More directly, this fundraiser was shared by a friend of a friend a year ago. Nothing has changed except that everything is worse now. I believe that they are doing good work. They say that there is some food still there and that they have a plan to get it to people: buying direct from the sellers, so that the sellers don’t have to try to sell food in a famine. This is their GoFundMe and I have given here too, and again I wish I could give more. Someone said to me, don’t you wonder who the merchants are, and why the prices are so high? And I do wonder that. I wonder that and I know what she’s getting at and I know why she said it and I don’t disagree, necessarily, but what is the alternative? Some people I know are giving cash directly to Gazan people they have met on Instagram, and I get a lot of requests for cash directly, as I am sure most people on Instagram do, and I can’t speak to that either but to be asked directly for aid by someone desperate is hard, hard, to refuse.
This link (embedded above) was helpful to me in thinking this through. I don’t know these people at all but these slides were helpful to me, and maybe to you.
There are big charities, but you know about them. I give to them too.
Sami Tamimi’s latest book is called Boustany and it’s about vegetarian recipes of Palestine. You can read about it here. It’s a really beautiful interview and you should click through (and buy the book also).
“Palestinian people are full of life, they always want to make you welcome and will push food on your plate just to make sure that you are well fed, happy and comfortable,” Tamimi said. “It’s horrendous for people that always celebrated life and food and seasonality and feeding people to be stripped from all of that, and for it to be used as a weapon against them….They want to eat and enjoy life, they want to live life to the max.”
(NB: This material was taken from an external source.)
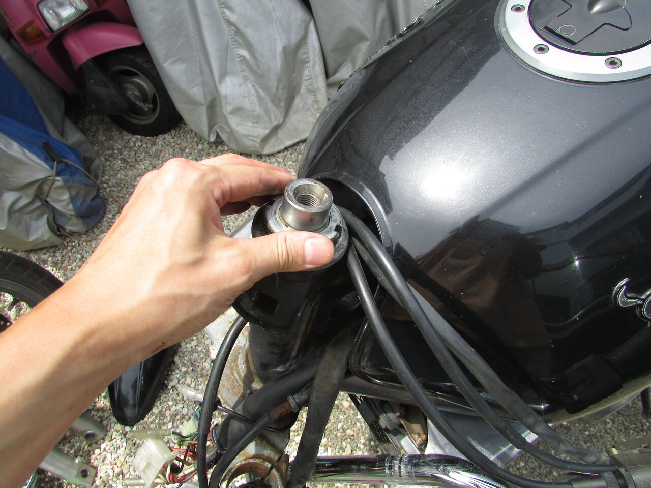 ネイキッドでこれですから、フルカウルともなるとさらに厄介なことになりそうです・・・。大きい方ではやりたくないですね(素)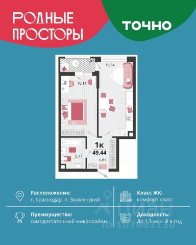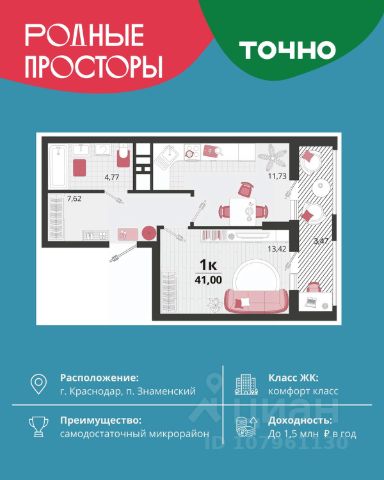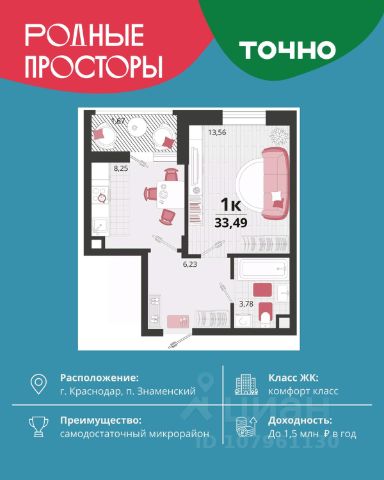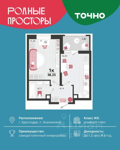 Продается квартира-студия в Жилом комплексе "Родные просторы"! В квартире выполнена качественная предчистовая отделка: Выровненные и подготовленные для отделки финишными материалами стены — улучшенная штукатурка стен. Подготовленный к укладке покрытия пол — стяжка пола. Коммуникации, выведенные в специальных местах в санузлах и кухонной зоне. Металлические входные двери с внутренней фрезеровкой и 2 замками. Металлопластиковые окна с долговечной фурнитурой. Радиаторы со встроенными терморегуляторами. Гидроизоляция пола санузлов. Крутая комплексная застройка территории с развитой инфраструктурой - на территории комплекса расположены школа на 1550 мест, 3 детских сада на 800 мест, поликлиника и частные клиники. На первых этажах домов расположены коммерческие помещения. Дворы свободны от автомобилей. Для автовладельцев предусмотрено более 2000 мест на открытых парковках по периметру микрорайона, и многоуровневые крытые наземные паркинги. Большая часть микрорайона оборудована пешеходными зонами и благоустроенными придомовыми территориями со спортивными площадками и большими детскими игровыми пространствами. Вся инфраструктура района находится в пешей доступности и располагаться внутри микрорайона. Рядом трасса М-4 - удобный выезд в сторону моря! Звоните прямо сейчас и покупайте квартиру в классном жилом комплексе!

I love to enjoy life. I love to eat. I love to cook and feed people and be in my kitchen, wherever that kitchen is.
And there is such joy in food! There is such joy in good food; in clean cold water; in lemons and extravagance and green-golden olive oil. I break the white cheese and put sumac over it. I pit the olives and tear the soft bread. I make rice and breathe in the steam. I blitz beans. I find all this joy and I find in my own joy such total horror and bitterness I don’t know what to do. I don’t know what to do. I donate; I write; I write and write and write. I cook and I write and I think.
I am writing this now because of the fattoush, and because I recently went back on Instagram for work purposes, and shared the links above. It seemed to be helpful to share the link here too, and once I started writing I couldn’t stop. It’s important for me to say very clearly that I don’t know anything about anything. I can’t verify fundraisers or fix intransigent global conflicts or free hostages or unlock the prisons and let the people go. I don’t know anything about how things work, just about food and feelings, and to be a food writer in a famine— tahini, lemons, lentils— is a strange place to make a living and a life.
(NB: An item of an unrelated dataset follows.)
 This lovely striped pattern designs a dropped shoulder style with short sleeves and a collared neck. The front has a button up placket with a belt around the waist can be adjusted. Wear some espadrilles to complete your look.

I don’t know what the good ending to this story is. I don’t know what the right answers are to world wars and climate change and kidnap and murder and fascism in all forms. I don’t know what to write; I don’t know what to say. I see protests in Tel Aviv and hunger strikes in London (sponsorship to here, please) and all over the world I see people who want this to end. I clicked through to this Etgar Keret Substack yesterday and it made me feel— not hopeful, of course not, what hope could there be? But like there are people everywhere who want this to end, who see what’s happening, who want this over. I saw the front page of the Daily Express— GAZA HELL SHAMES US ALL— and I felt it then too. These people I think of as far from me: on this, at this time, we are aligned. Daily Express readers; and 80% (if that Keret piece is right) of Israeli citizens; the protests everywhere, all the time. There are people everywhere who see this. There are people everywhere from all places who see what is happening and want it to end.
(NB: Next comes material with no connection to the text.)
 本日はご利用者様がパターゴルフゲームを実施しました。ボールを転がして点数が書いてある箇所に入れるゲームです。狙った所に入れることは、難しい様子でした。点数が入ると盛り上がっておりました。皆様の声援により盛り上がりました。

And still it does not end. I am not naive enough to think that writing about this on a Substack means anything at all, or will change anything, but there are links here that you can give money to; and also, a little off-topic but perhaps useful for the feeling that one gets when looking at Palestine and the Congo and Sudan and everywhere else where the world is too raw to bear easily—
Anyway, listen, I urge you to as well as donating and writing and protesting and striking and anything else you can think of doing, check in with the people in your own community. This is the only real route out of global despair I know: doing something. And if you are too far away to do something there, you have to do something here. If you are feeling hopeless and far away, find something close and practical to do. Deadhead flowers in the community garden. Work shifts at the community library. Take care of someone’s kid so that they can use their skills to make something move somewhere else. Call your grandmother. Talk to your neighbours. Talk to people, talk to each other. Don’t write people off. Write to your MP, not that it ever seems to move the needle. Write about it. Write about everything. Cook about everything. Exist with as much joy as you can; reach out to everyone you can; give everything you can wherever you can. This will not help globally. It will only help locally. But then the globe is just made up of small locations one after another, and we are all connected in ways that are both apparent and not yet apparent, ways that will only become more visible the more things fall apart. We will need those connections, I think, in time. We need them already. We need them now.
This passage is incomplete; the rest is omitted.